Overall Objectives and Outcomes

The module will commence by pinning the chronological span of The Victorian Novel as that written between 1837-1901, or, during the reign of Queen Victoria, at the height of the Victorian Empire while laying out the genre, convention, form, style, voice, dynamic, tenets and politics of the Victorian novel.

 

The module will also outline Symbolism and other Important Literary and artistic movements, such as the Pre-Raphaelites and the Decadent movement, which are vital components and aspects of the Victorian Era which were salient and direct influences; these movements were conceived as reactions to  Victorianism and Victorian convention, but, which also generated Late Victorian Literature as we know it today, contributing salient stylistic and aesthetic elements which found their way into The Victorian Novel.

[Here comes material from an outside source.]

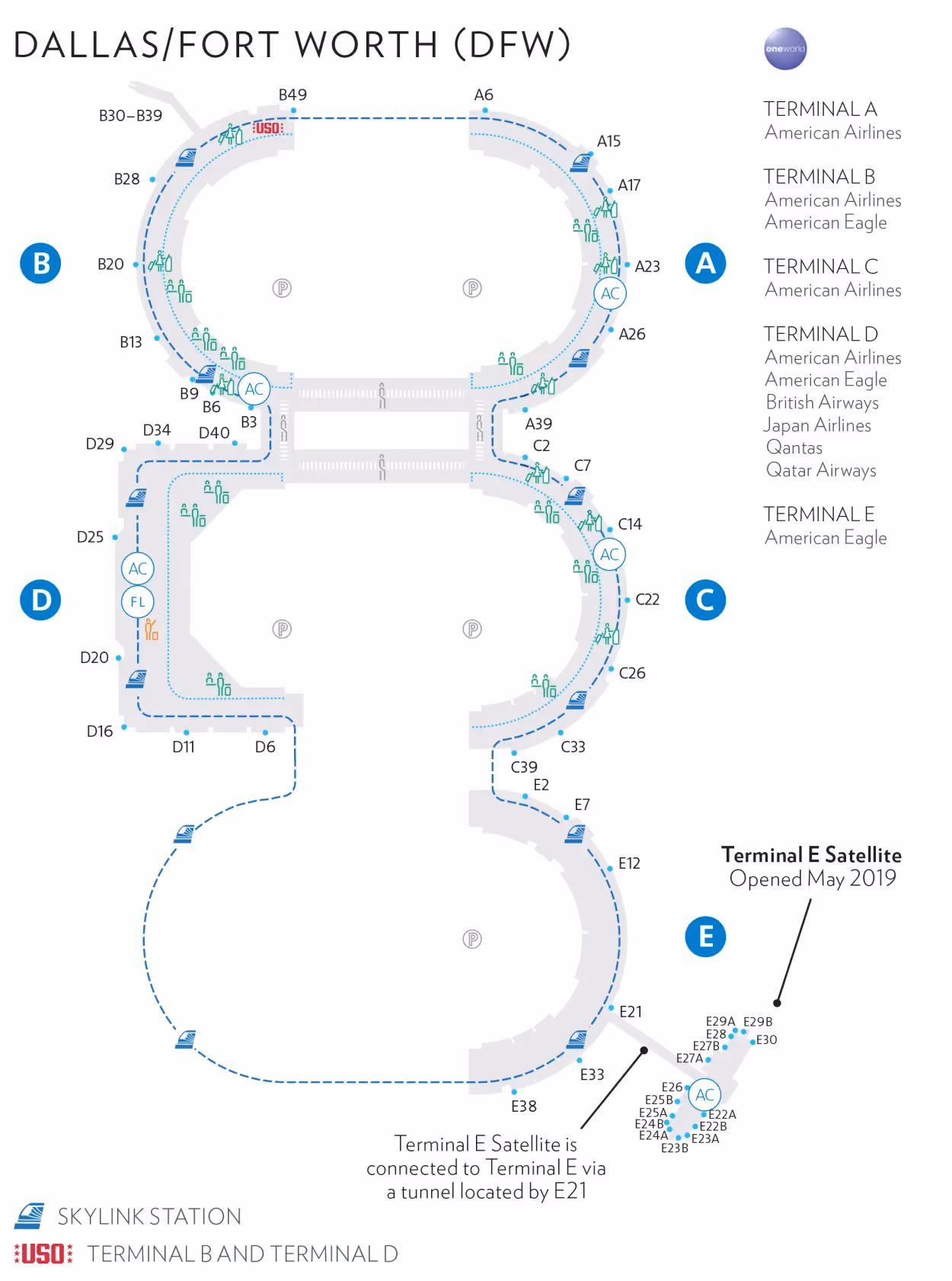American Airlines says that ongoing terminal investments at DFW include expansions of Terminals A and C and the future development of Terminal F, adding gates, premium lounges, customs facilities and modernized baggage systems.

By the end of this module, the learner will be able to:

Competences

  • a)Guide an independent analysis the stylistic extent of elements such as realism and the Victorian Narrative in the Victorian Novel;
  • b)Critically evaluate the different styles that define the Victorian Novel whether it is the characterisations and caricatures of Dickensian satire of his times, or the proto-Feminist themes and feminist undercurrents in Bronte’s Jane Eyre to George Eliot’s treatment of the female psyche and sexuality, mapped against female emancipation and independence foregrounded by the Reform Bill.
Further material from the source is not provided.